Ахнув, я схватилась за напряженную мужскую шею и вздрогнула всем телом, когда меня грубо усадили на помост.
Вклинившись между разведенными ногами, Руслан положил ладонь мне на поясницу и резко придвинул к себе, демонстрируя, насколько сильно его распалил наш диалог.
— Знаешь, по началу я даже повелся на твой образ бедной овечки, — обжег мои губы прерывистым дыханием Руслан. — И не верил, когда мне говорили, что дочка мэра — больная на всю голову ненасытная сука.
Я закрыла глаза, чтобы не дай бог Горецкий не увидел моих слез.
— У меня в голове не укладывалось, как такая зашуганная бледная моль, как ты, способна крутить мужиками и рушить их судьбы, — кривя губы, мужчина резко дернул мою майку вниз.
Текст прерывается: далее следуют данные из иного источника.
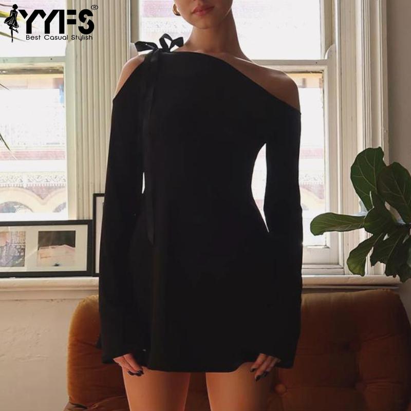 YYFS Женская мода весна осень однотонный принт длинный рукав косой воротник высокая талия повседневные платья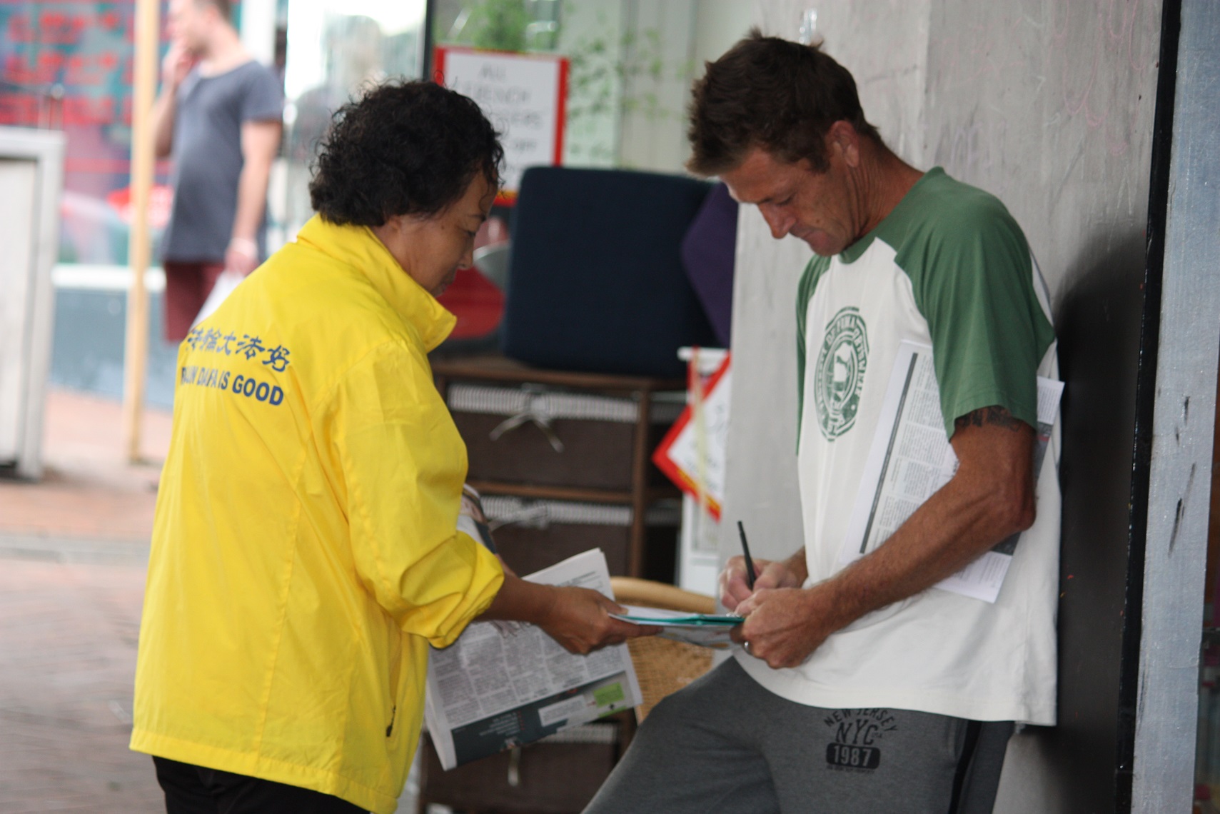 【明慧网二零一五年三月十八日】(明慧记者华清悉尼报道)二零一五年三月十五日,法轮功学员在澳洲悉尼最多华人聚集地赫斯维尔(Hurstville)市中心的主街上举横幅、讲真相,揭露中共活摘法轮功学员器官的罪行,当地市民踊跃签名支持制止“活摘”罪行;华人积极接资料、了解真相、做“三退”。

Услышав треск ткани, я вздрогнула всем телом.
— И сам не понял, как влип по уши, — с досадой пробормотал Руслан, останавливая взгляд на моей полуобнаженной груди.
Почувствовав, как от прохладного воздуха соски встают дыбом, я судорожно вскинула руки, чтобы прикрыться. Но Горецкий грубо схватил мои запястья и завел их назад, пригвождая к деревянному полу.
— Даже и не скажешь, что этим пользовались уже много раз… — играя желваками, процедил Руслан, окидывая меня всю голодным взглядом.
Я резко вдохнула, чувствуя, как острое лезвие внутри меня рассекает легкие.
— Хочешь стать следующим? — усмехнулась я, проводя языком по сухим губам и удивляясь тому, что на них нет крови. — Неужто у тебя встанет на бледную зашуганную моль?
Горецкий опалил меня ненавидящим взглядом.